TASK DETAILS: Starting with the line that contains "ယခုနှစ် မိုးစပါးစိုက်ခင်းကို တွေ့ရစဉ်။", copy every remaining line of the data below exactly, the last one included.

EXERCISE DATA:
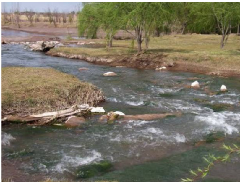
LA PAMPA Y MENDOZA MANTIENEN DESDE HACE AÑOS UNA PUJA POR LAS AGUAS DEL ATUEL.
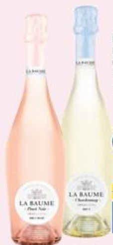
ВИНО ИГРИСТОЕ LA BAUME, брют, 0,75 л, Франция: - Пино Нуар, розовое - Шардоне, белое
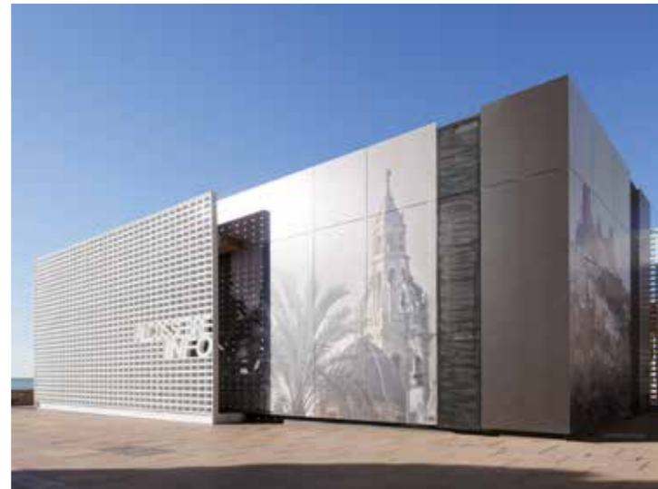
Proyecto / Project: Oficina de Turismo / Tourist information office Ubicación / Location: Alcocebre, España / Alcocebre, Spain Estudio / Studio: Sanshuja&Partners
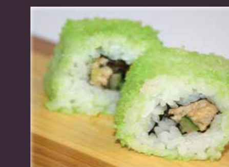
Spicy tuna maki tonijnsalade (2st.)
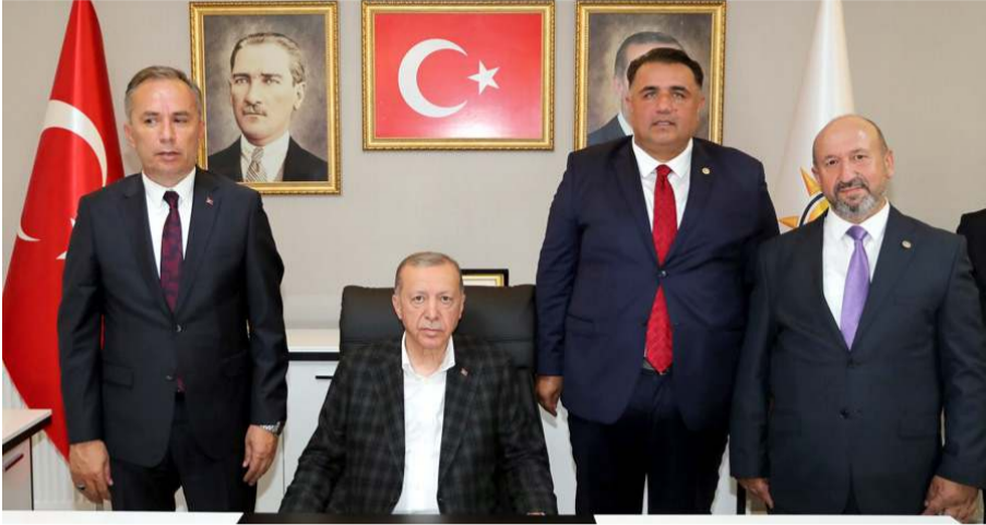
Cumhurbaşkanı Recep Tayyip Erdoğan, miting ardından AK Parti İl Başkanlığı'na ziyarette.

"Sayın Cumhurbaşkanımız, yüzyıllık özlemimiz, Kırıkkale-Çorum-Samsun hızlı tren hattının, Çorum-Sungurlu-Kırıkkale/Delice bölümünün öncelikle yapılarak halkımızın hizmetine sunulması için, yatırım programına alındığı müjdesini verdiler. İhalesi yapılacak olan hızlı tren projesinin tamamlanmasıyla birlikte; ülke ve bölge ekonomisine, Çorum'un gelişim kalkınması, refah seviyesinin yükselmesine büyük katkılar sağlayacak inşallah. Cumhurbaşkanımızın hemşehrilerimize 2. müjdesi ise, 2500 insanımıza istihdam oluşturacak olan, 'Küresel Barut Fabrikası, Fişek Üretim Fabrikası, Nitrogliserin, Nitroselüloz ve Kapsül Fabrikası' olmak üzere 5 fabrikamızın ilimize kazandırılması oldu. Açılışı yapılan proje ve yatırımlar ile temeli atılan yeni kazanımlar için başta Cumhurbaşkanımız Sayın Recep Tayyip Erdoğan olmak üzere emeği geçen herkese şükranlarımı sunuyorum. AK Parti bayrağımızı her zaman zirvede dalgalandıran, bizleri hiçbir zaman yalnız bırakmayan değerli hemşehrilerime gösterdikleri samimi gayret ve teveccüh ile Çorum'umuza yaşattıkları bu tarihi günün teşekkür ediyorum" diyerek açıklamasını tamamladı.
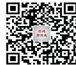
巴州零距离公众号
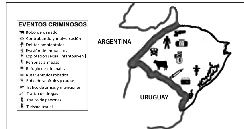
Mapa N.º 1 Mapa dos Eventos Criminosos Realizados à Zona de Fronteira Segundo UF (Brasil - 2008)
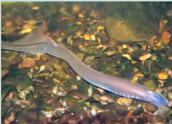
Flussneunauge – geschützt, nach der Flora-Fauna-Habitat-Richtlinie und nach Roter Liste als „stark gefährdet“ eingestuft

Das Flussneunauge zählt zu den Rundmäulern und hat damit nur äußerlich eine große Ähnlichkeit mit Fischen. Rundmäuler sind entwicklungsgeschichtlich die Vorgänger der Fische, die sich seit 500 Millionen Jahren kaum verändert haben. Im Gegensatz zu Fischen besitzen sie keine Schuppen, keine paarige Brust- und Bauchflosse und anstelle des Kiefers ein mit Hornzähnen besetztes rundes Saugmaul. Seinen Namen verdankt das Flussneunauge den sieben auf jeder Körperseite nacheinander angeordneten Kiemenöffnungen sowie einem Auge und Geruchsorgan. Die 30 bis 40 cm langen aalförmigen Tiere laichen zwischen Februar und Mai in kiesig-sandigen vorzugsweise beschatteten Flachwasserbereichen mit geringer
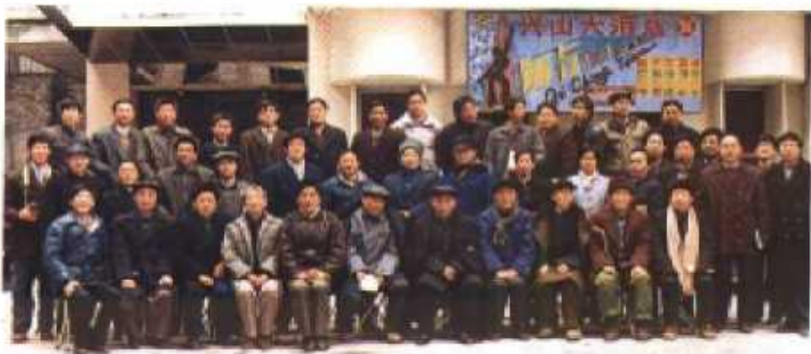
《兴山小水电》征编会留影
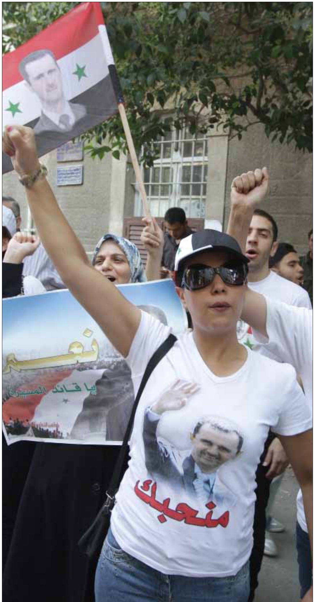
مشاركون في حملة «منحبيك» أمام السفارة الفرنسية أمس

جديدة المشاورات في «اللقاء التشاوري» الذي نظمتها هيئة الحوار الوطني حالت دون تمكن المجتمعين من الاتفاق على بيان ختامي في الموعد المحدد، فانبثقت من اللقاء لجنة من عشر شخصيات يفترض أن تجتمع اليوم لتضع النقاط على حروف البيان الذي ترفض «تنسيقيات الثورة» قراءته
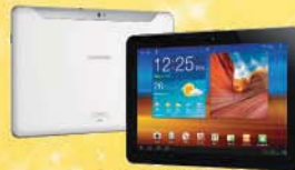
Samsung Galaxy Tab x 10
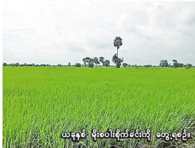
ယခုနှစ် မိုးစပါးစိုက်ခင်းကို တွေ့ရစဉ်။

ပိုးမွှားကျရောက်မှု မရှိစေရေးနှင့် ဓာတ်မြေဩဇာ ဈေးကြီးနေ၍ သဘာဝမြေဩဇာများ သုံးစွဲတတ်လာရေးသက်ဆိုင်ရာ စိုက်ပျိုးရေးဦးစီးဌာနက ဆောင်ရွက်ပေးလျက် ရှိကြောင်း သိရသည်။ (၂၀၆)

WRITTEN SOLUTION:
ယခုနှစ် မိုးစပါးစိုက်ခင်းကို တွေ့ရစဉ်။

ပိုးမွှားကျရောက်မှု မရှိစေရေးနှင့် ဓာတ်မြေဩဇာ ဈေးကြီးနေ၍ သဘာဝမြေဩဇာများ သုံးစွဲတတ်လာရေးသက်ဆိုင်ရာ စိုက်ပျိုးရေးဦးစီးဌာနက ဆောင်ရွက်ပေးလျက် ရှိကြောင်း သိရသည်။ (၂၀၆)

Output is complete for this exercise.